The creative director of Bottega Veneta was here last week to celebrate the opening of the brand’s flagship in the newly built Omotesando Hills mall. The events included a personal appearance by Maier at the store, where he launched a line of limited-edition handbags, and a fashion show of Bottega’s full ready-to-wear collection at the Museum of Contemporary Art Tokyo. It was the luxury leathergoods and fashion house’s first runway show outside of Milan.

The Omotesando Hills mall, a modernist glass building with smooth concrete walls, was designed by renowned architect Tadao Ando and houses about 100 restaurants and fashion brands, such as Yves Saint Laurent and Dolce & Gabbana.

The 3,230-square-foot Bottega Veneta store, which has an entrance on the street, consists of two floors with different ceiling heights to give the feeling of multiple showcases. Inside, there is an S-shaped staircase connecting the high-ceilinged entrance hall to the upper level’s small, more intimate space.

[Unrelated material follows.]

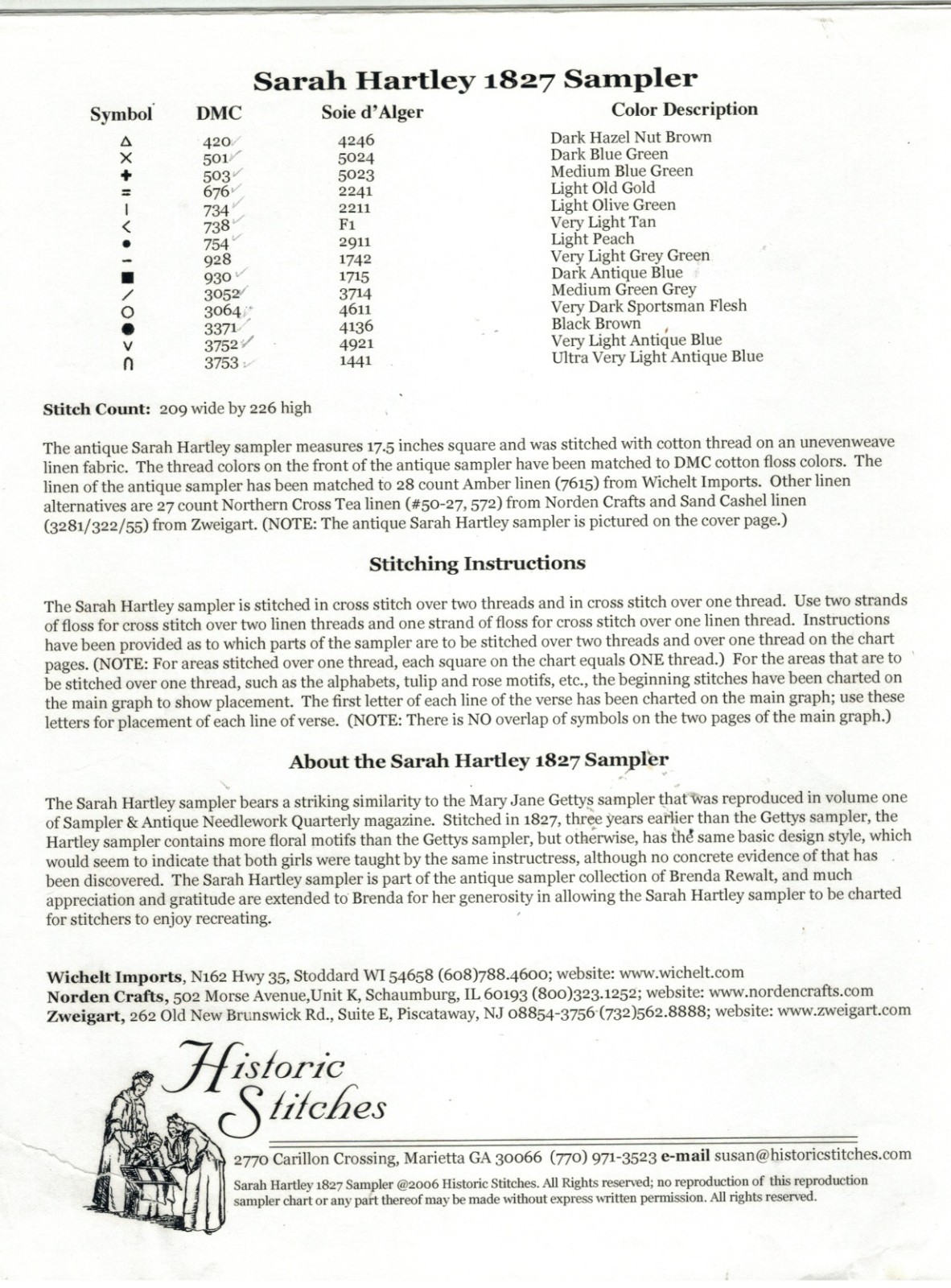Sarah Hartley 1827 Sampler by Historic Stitches cross stitch pattern

The store sells merchandise such as exotic leather accessories, fine and costume jewelry and the home collection, as well as pieces from Bottega Veneta’s burgeoning ready-to-wear business.

Maier said he has been dreaming of opening a large-scale flagship in Tokyo for a long time. “We have been thinking of creating an atmosphere for the Japanese customers to experience the whole world of Bottega Veneta,” he said. “It is a pleasure to open the shop within this building designed by Tadao Ando. His way of treating materials in clear and functional design is something Bottega Veneta shares.”

While the company declined to reveal sales projections, WWD Japan studies show that sales in Bottega Veneta’s shop-in-shops in department stores have seen a double-digit increase over the past year.

To celebrate the opening of the Omotesando flagship, Bottega Veneta created five limited-edition handbags. Inspired by Tokyo, they include a $4,600 embroidered karung Veneta handbag, a $3,800 karung, python and snakeskin Bambina bag and a $1,100 lizard, karung and snakeskin Palermo bag.

To drive home the importance of the Japanese market, the Gucci Group brand held its first fashion show in Japan. The show included some 60 styles of the fall collection, and the brand’s message — “When your own initials are enough” — was projected against the walls. It opened with fashion model Ai Tominaga and closed with Anne Watanabe, daughter of actor Ken Watanabe of “Memoirs of a Geisha” and “The Last Samurai.”